2. Speech and Natural Language Understanding.


Project LISTEN, automated reading coach, continuous speech recognition, prosodic analysis, dialogue, speech interfaces for children, voice recognition, education, children, literacy


To carry on effective, natural, spoken dialogue, computers will need to do more than recognize and interpret spoken words -- they will also need to be sensitive to the prosodic information encoded in how the words are spoken. Human listeners use this information to extract additional meaning from the speech signal, to guide their participation in dialogue, and to draw inferences about each other that can help them in performing the task at hand. Automated prosodic analysis has been studied much less than speech recognition, and until now has focussed more on improving the accuracy of word recognition than on improving the effectiveness of dialogue at accomplishing a real task. The proposed research will investigate the hypothesis that detecting and exploiting prosodic cues can help computers guide spoken dialogue.

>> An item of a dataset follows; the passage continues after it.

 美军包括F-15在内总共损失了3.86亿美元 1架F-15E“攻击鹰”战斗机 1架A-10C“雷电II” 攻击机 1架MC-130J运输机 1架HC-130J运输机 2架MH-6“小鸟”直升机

The proposed case study of prosody focuses on an educational task that combines intrinsic national importance with compelling methodological advantages. The proposed educational task is to "coach" children's oral reading -- that is, display text on the screen, listen to a child read it aloud, detect the child's mistakes, decide when and how to intervene, and provide help and encouragement. The proposed research builds on the code, data, and experience gained from a working prototype of such a coach, developed with prior NSF support.

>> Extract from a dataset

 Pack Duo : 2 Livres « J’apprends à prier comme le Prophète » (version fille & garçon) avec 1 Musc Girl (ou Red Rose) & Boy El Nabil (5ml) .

The proposed research will focus on improving four aspects of dialogue -- taking turns, handling speech repairs, preventing dialogue breakdown, and modelling the speaker. In the context of the reading task, these aspects include detecting a number of pedagogically significant events, such as when readers complete a passage, correct themselves, or encounter difficulty in identifying a word or comprehending a passage. The proposed research will use prosodic cues to help detect these events in order to make the dialogue between student and coach more effective in achieving its educational objectives.

Expected outcomes include not only improvements in the reading coach, but more generally the discovery of robust prosodic phenomena, methods for detecting them, and principles for using them to improve spoken communication so as to better accomplish the task at hand. This work will lay essential foundations for using prosody to achieve graceful, effective spoken dialogue between humans and computers.


Reading is taught orally in grades 1-3 to help children relate printed English to the spoken language they have already acquired. Unfortunately, a shocking percentage of the nation's children lag behind grade level in reading [NCES 93a] and grow up functionally illiterate, at an annual productivity cost measured in hundreds of billions of dollars [USCD 91]. An automated reading coach could give such children hundreds of hours of individualized attention that teachers and parents cannot. Thus Project LISTEN's eventual goal is to help children learn to read better over time. The goal of the current coach is to help them read a given text.

The coach is designed to provide a combination of reading and listening, in which the child reads whenever possible, and the coach helps whenever necessary, so as to provide a pleasant, successful reading experience. The coach's assistance, modelled after expert reading teachers, is intended to support word identification, comprehension, and motivation.


Use eye tracking to help guide the reading coach.